Although the GOMS modeling technique has proven extremely successful in developing accurate cognitive task models, instruction and training in the details of applying this modeling technique are required. Instruction or training is typically provided in college-level courses in human-computer interaction or in CHI tutorials or workshops. Most expert operators of computer systems interfaces, however, lack the skill necessary to develop these GOMS and natural language GOMS (NGOMSL) models, as prescribed by Kieras (1997). Consequently, a research effort was conducted to build an automated tool to assist domain experts (unfamiliar with GOMS and NGOMSL analysis techniques) in developing cognitive models of human-computer interactions. Williams (2000) developed such an automated tool, the cognitive analysis tool for human-computer interaction (CAT-HCI). A number of tools have developed for eliciting and structuring knowledge within the framework of a GOMS analysis, such as GLEAN3 (Kieras, Wood, Abotel, & Hornof, 1995) and quick and dirty GOMS (QGOMS; Beard, Smith, & Denelsbeck, 1996). These tools, however, have not been evaluated with respect to the accuracy and consistency with which different individuals, skilled in a task domain but unskilled in GOMS analysis, can create such models.
One study (Baumeister, John, & Byrne, 2000) reported a comparison among QGOMS, CAT-HCI, and GLEAN5 relative to building GOMS models. These researchers, however, were skilled in this form of analysis and performed their evaluation primarily focusing on the usability of each tool. A comparison of accuracy was made among the three tools, an automatically generated model, and a hand-done (manual) version of a GOMS keystroke-level model (KLM) on the one task employed for the comparison. The comparisons of execution times among the models generated by the different tools were not validated by empirical observation. The same holds with the present research. The present work, however, builds on this earlier evaluation of tools by providing a more detailed investigation of one of the tools (CAT-HCI) evaluated by Baumeister et al. Since the time of the Baumeister et al. comparison of tools, continued debugging of CAT-HCI has progressed in an effort to reduce the number of crashes experienced. This has led to a more stable version of CAT-HCI.
Unlike GLEAN3 and QGOMS, CAT-HCI provides a structured interview process, which guides the user through the construction of a GOMS model to the point at which low-level operators can be inferred and automatically inserted. GLEAN5 is like programming in a programming language, with an editor to assist in developing NGOMSL code structures. QGOMS does not provide any direction in terms of building GOMS models but does provide an interface for creating treelike structures of nodes and links. For each node, execution time data are entered via the keyboard.
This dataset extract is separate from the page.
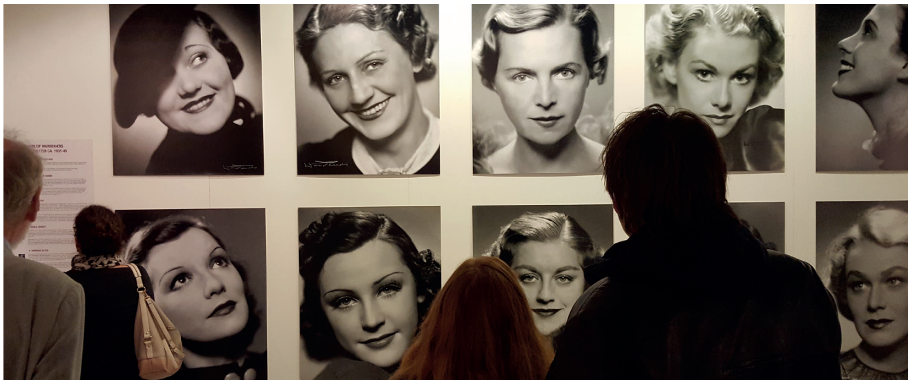
Fra åpningen av fotoutstillingen DIVA.

Oslo Museum ønsker å være til for alle som bor i byen – uansett bakgrunn. Vi ønsker at folk som bor i Oslo skal bli kjent med byen sin gjennom museet og at de skal kjenne seg igjen i museet– og oppleve at det er litt «sitt». Vi ønsker å bidra til byidentitet, og vi vil være et «involverende museum», der vi gjør ting sammen med dem vi er til for. I utviklingen av program og i gjennomføring av prosjekter har dette i 2017 vært et prioritert satsningsområde på alle våre arenaer.

Our concern in this evaluation is not with respect to usability but to determine the reliability and accuracy of models generated using CAT-HCI across a number of different task domain experts on several different tasks. In order to promote and facilitate the use of this analysis to improve the usability of computer interfaces, both usability specialists and non-usability specialists must have access to practical tools for evaluating interfaces. These tools must also generate valid, reliable models across different users and across varied task domains. This current evaluation is a step in the direction of promoting the use of GOMS tools by non-usability specialists or by individuals skilled in the use of a specific interface application but having no knowledge of interface design and/or interface assessment techniques.
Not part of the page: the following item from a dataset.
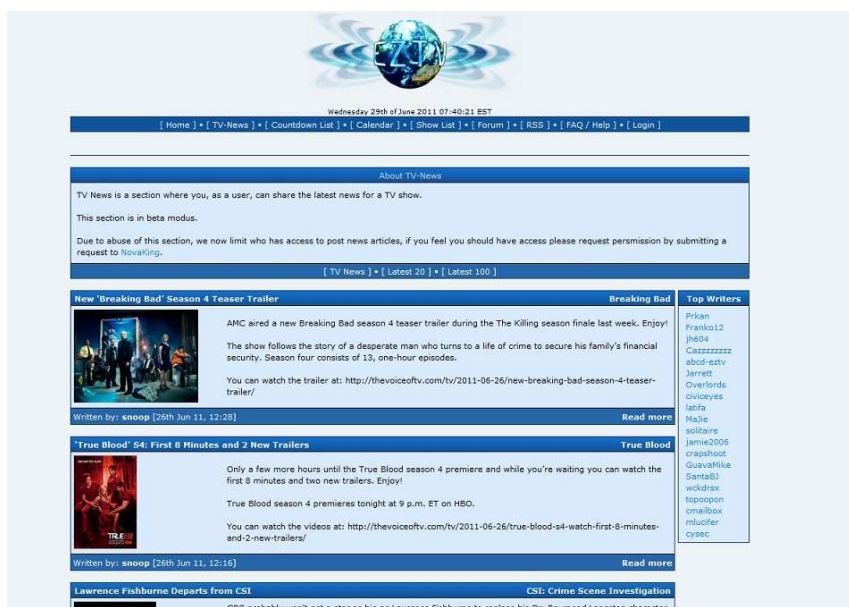
Figur 5 «ez.it».

De brukte også internettsider som hadde oversikter over de amerikanske tv-serienes sesongstarter, pauser og nyheter. Figur 5 viser en internettside som heter ez.it 23 .

The evaluation of CAT-HCI consisted of having 18 domain experts, who had had no prior knowledge of interface design, use the tool to develop cognitive models of four different Bradley A3 digital computer tasks. A minimal variance among these models, as created by different domain experts, would demonstrate the consistency with which individuals who are not skilled in this cognitive task analysis approach can generate cognitive models of human-system interaction. Additionally, the models developed by each expert were compared with models of those tasks developed by the authors (e.g., the first author being the designer and developer of CAT-HCI), both of whom are skilled in the development of cognitive models of human-computer interaction. The task models generated by experimental participants were compared with those generated by the authors (referred to as the baseline models) to determine measures of model accuracy. The models, however, were not validated against actual performance. If the tool can generate accurate and consistent models, the inference can be made that the tool can be used to generate cognitive models for other similar human-computer interaction tasks, in keeping with the original intention of Card et al. (1983).
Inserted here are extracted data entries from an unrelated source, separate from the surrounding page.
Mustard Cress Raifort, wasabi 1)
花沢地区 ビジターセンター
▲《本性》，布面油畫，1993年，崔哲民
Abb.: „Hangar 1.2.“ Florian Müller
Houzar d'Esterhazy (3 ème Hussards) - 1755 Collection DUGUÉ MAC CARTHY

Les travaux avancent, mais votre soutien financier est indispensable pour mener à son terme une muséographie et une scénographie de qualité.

The purpose of the evaluation methodology was to investigate the performance of CAT-HCI relative to meeting this research objective. Can the automated tool guide domain experts (or what Nielsen, 1992, referred to as single experts) who are not skilled in task analysis through the GOMS process to formulate consistent and accurate cognitive models for assessing the complexity of HCI applications and for predicting user performance? Consistency and accuracy between task domain experts should determine the effectiveness of the tool.
The participants for this experiment consisted of 18 active duty or recently retired infantry and armor noncommissioned officers in the U.S. Army. All the participants were men with at least 6 years of military experience. All had completed a high-school level educational program, but none had advanced degrees. Because the Bradley A3 commander's tactical display (CTD) is still in the prototype stage, these participants essentially compose the entire pool of subject matter experts on the tasks to be modeled. The tasks were part of a system under development that is scheduled for fielding in the near future. The participants were members of the New Equipment Training Team for the system. These individuals are responsible for learning the operations of the system, such that they may later train the trainers for newly equipped units. All participants were tested on the tasks to be modeled to verify their expertise on the system.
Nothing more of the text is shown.